April 25, 2007
Confessions of a Wild Tongue
As a writer, I've been accused more than once of being "elliptical." In my defense, though, I think that particular accusation has always come from the same person. Her less elliptical friend chose to describe me with the less charitable label "nuanced nincompoop"--which I suppose is pretty much the same thing.
To be honest, I think I write in an elliptical fashion--that is, I swirl around and around a theme like other things that swirl around and around in the process of completing their work--because that's how I think. I look at any number of problems like some sort of daisy chain of Gordian knots, and I'm enough of a failed Boy Scout that I can't bring myself to take a knife and cut through to the solution; I must untangle these morasses and thus untether myself.
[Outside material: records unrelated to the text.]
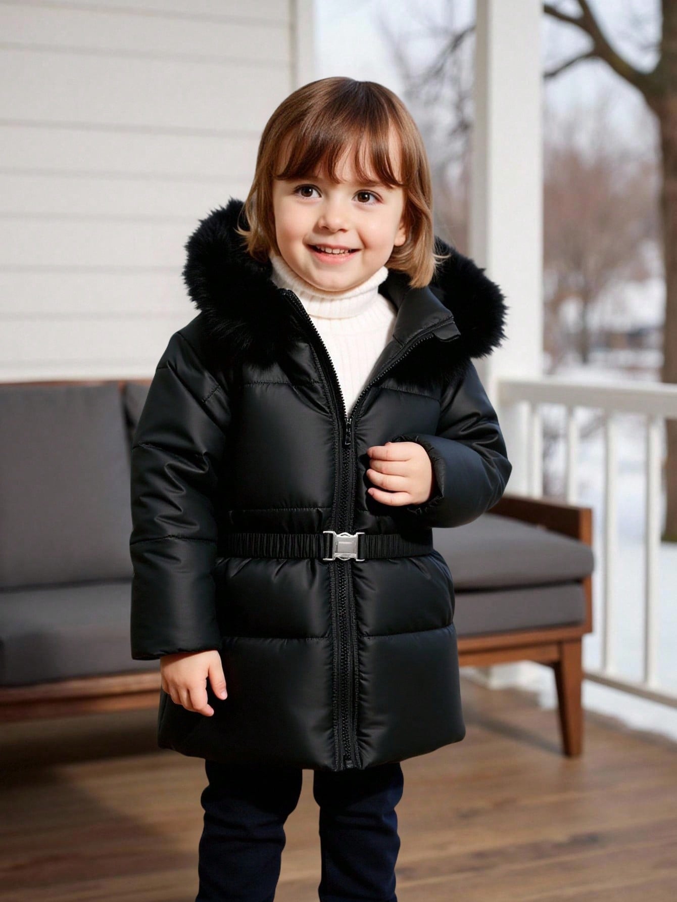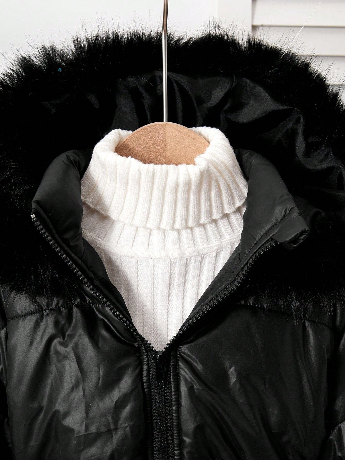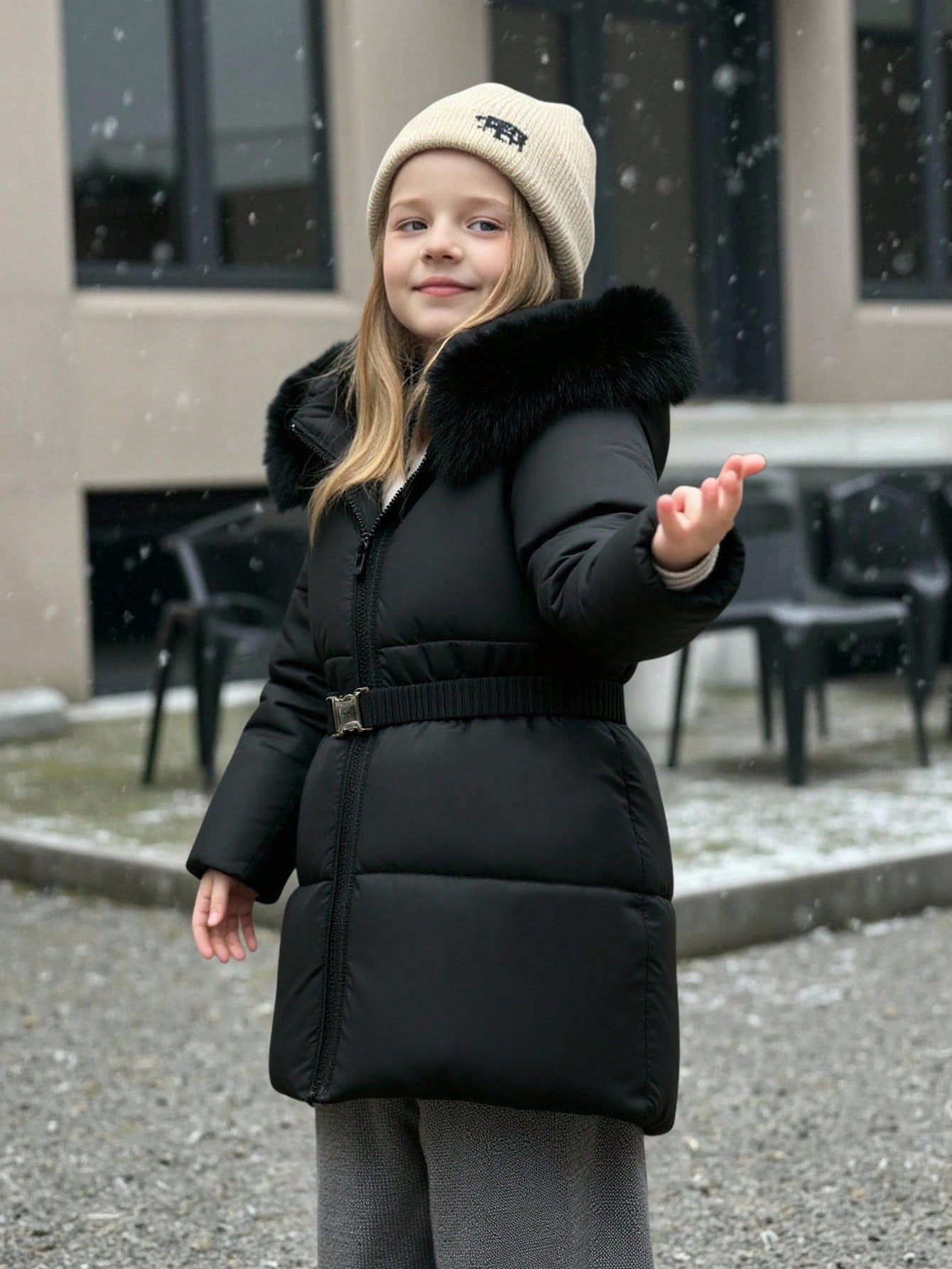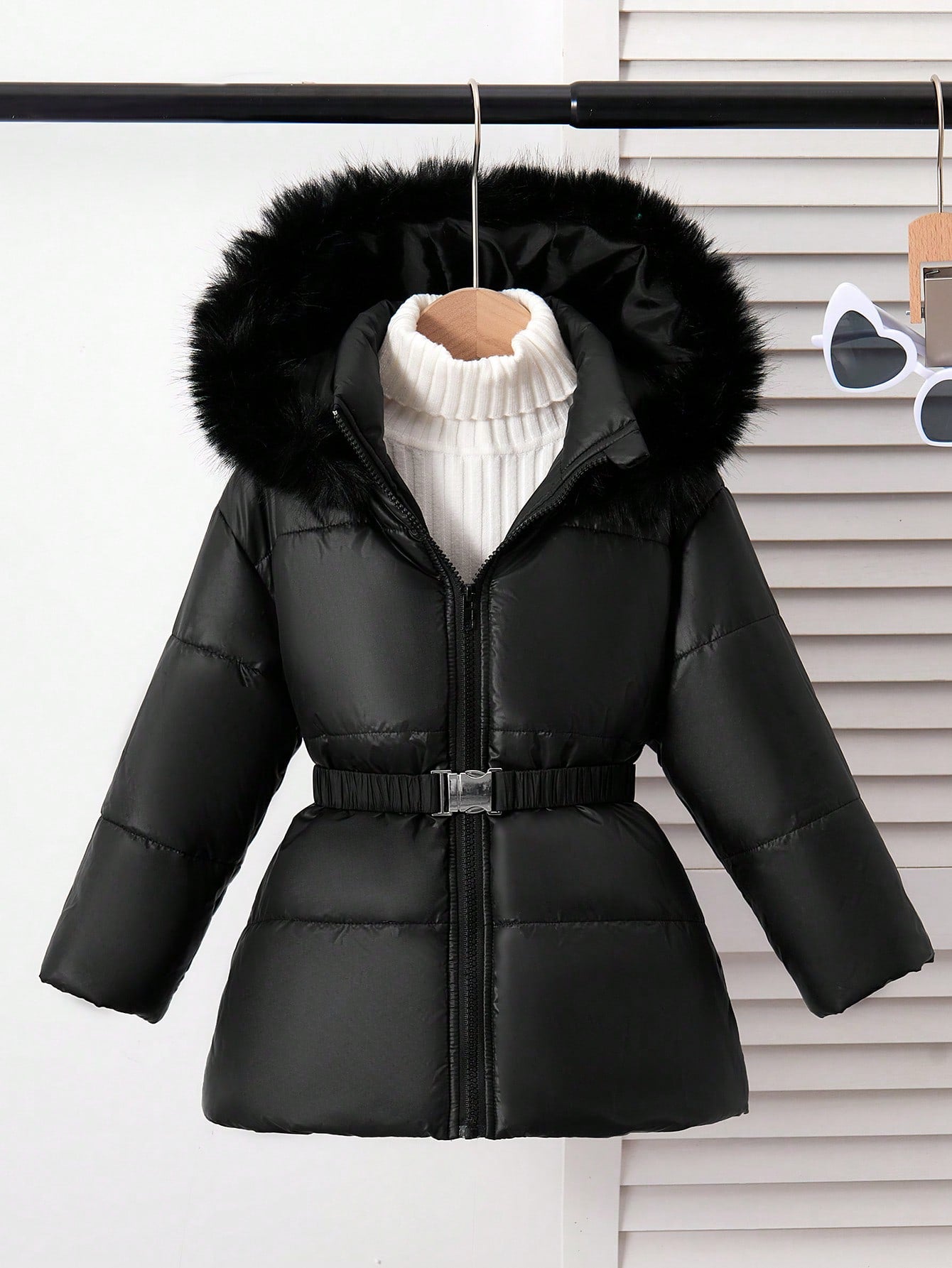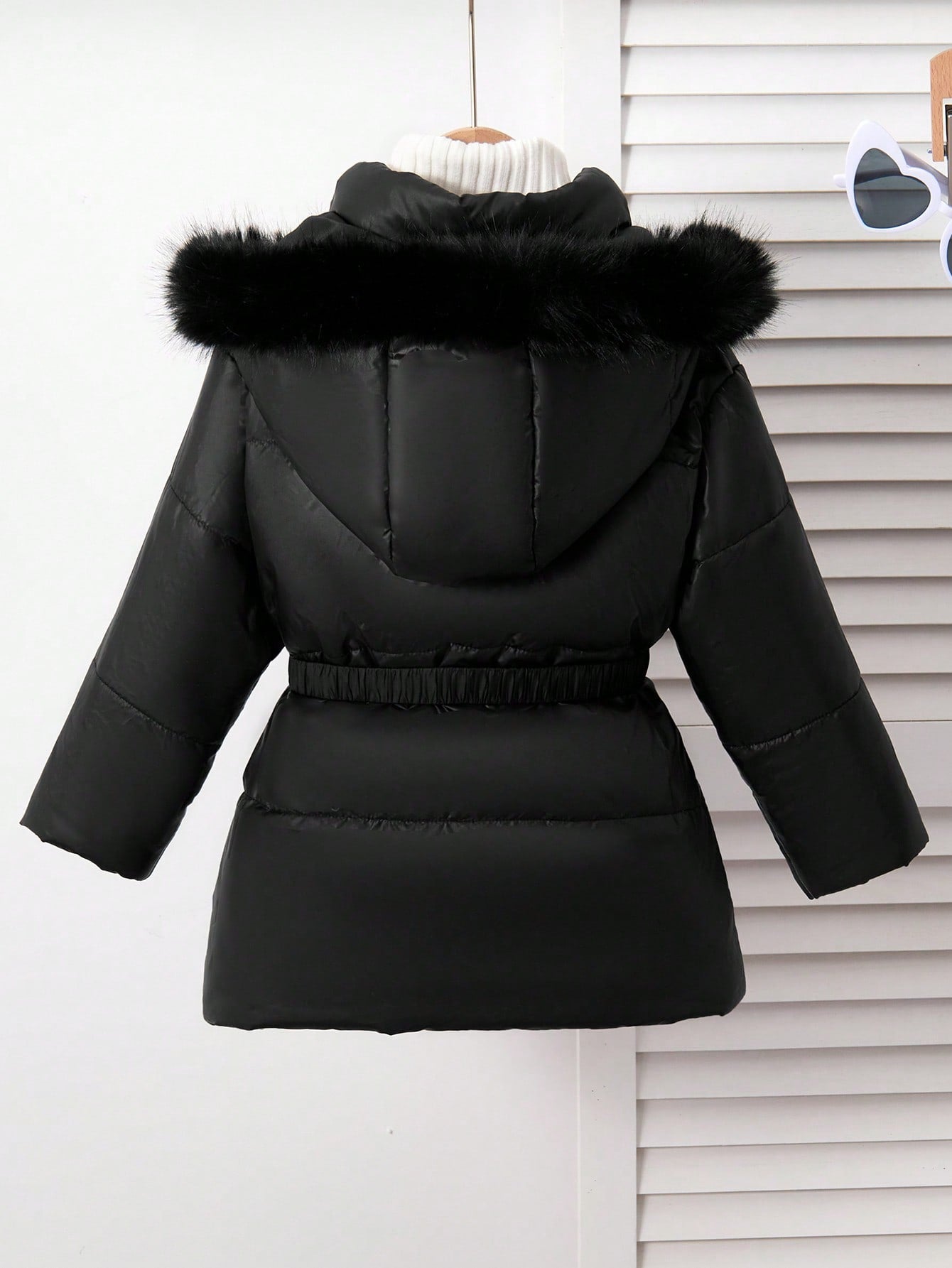 Young Girl's Winter Casual Patchwork Faux Fur Hooded Padded Coat Toddler Girls Winter Coat Without Belt
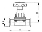 衛(wèi)生級快裝隔膜閥結(jié)構(gòu)尺寸:
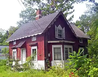 The cottage is visible from where River Point Road crosses the tracks. It is a one-and-a-half-story frame house on a stone and brick foundation with board-and-batten siding, three bays wide at the front. Its steeply pitched gabled roof is shingled in asphalt, pierced by a central brick chimney and finials and cross-gabled in the west (rear) elevation.[2]
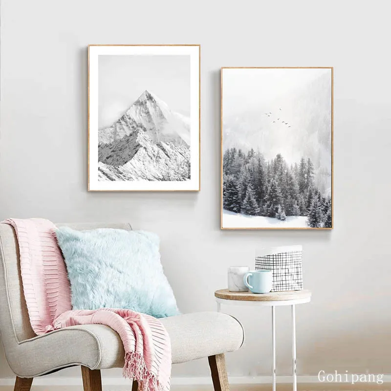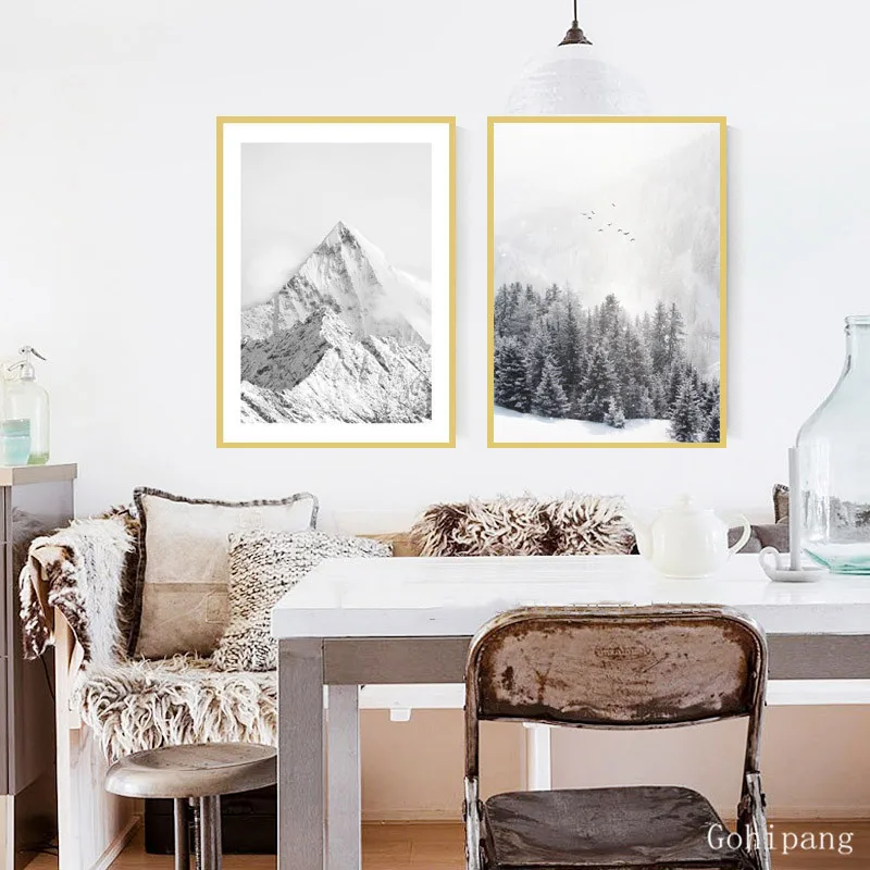 Черно-белая Скандинавская картина со льдом, снегом, гор, абстрактный пейзаж, искусство на стену, домашний декор, модульные картины

Beyond my own issues, there's a cultural bias toward oversimplification that it's appropriate to resist. As Brian McLaren writes in the foreword to Neil Livingstone's Picturing the Gospel, "the habit of 'boiling things down' or 'putting things in a nutshell' . . . makes certain things clear and accessible, but it can obscure and distort other things." Life, I feel entirely justified in saying, is irreducibly complex, and quite frankly is getting only more so, so to treat it as simple is to be dangerously simplistic.
But there's what goes on in my head, and there's what comes out of my mouth. I went to lunch with my pastor yesterday in an attempt to give some of my inner perplexity some air, and as I listened to myself articulating the complexity of relationships and missions I see in play at our church, I found myself thinking, I sound like an idiot. And then there's the article I wrote about how Batman as a character has oscillated back and forth between serious and silly to match the vicissitudes of American culture; the one bit of reader response I got was "You make no sense."
So as a writer I face this challenge of acknowledging and authentically representing the complexity and nuance present to the human condition, even to celebrate it in artful expression, without wallowing in--and miring my readers in--nincompoopery and ellipticalness.
A friend at IVP reminded me this week that the curmudgeonly godfathers of English style and grammar, William Strunk Jr. and E. B. White, have come across this particular Gordian knot and took a pretty effective whack at it:
There are occasions when obscurity serves a literary yearning, if not a literary purpose. . . . Even to a writer who is being intentionally obscure or wild of tongue we can say, "Be obscure clearly! Be wild of tongue in a way we can understand!" . . . "Be cagey plainly! Be elliptical in a straightforward fashion!"
Well sure, when you put it that way. E. B. White made a talking spider into an icon of maternal comfort in Charlotte's Web and a talking rodent into an icon of adolescent self-discovery in Stuart Little, so I guess he knows how to pull off the impossible. But as for me and my writing, I fear we will continue to, umm, serve a literary yearning.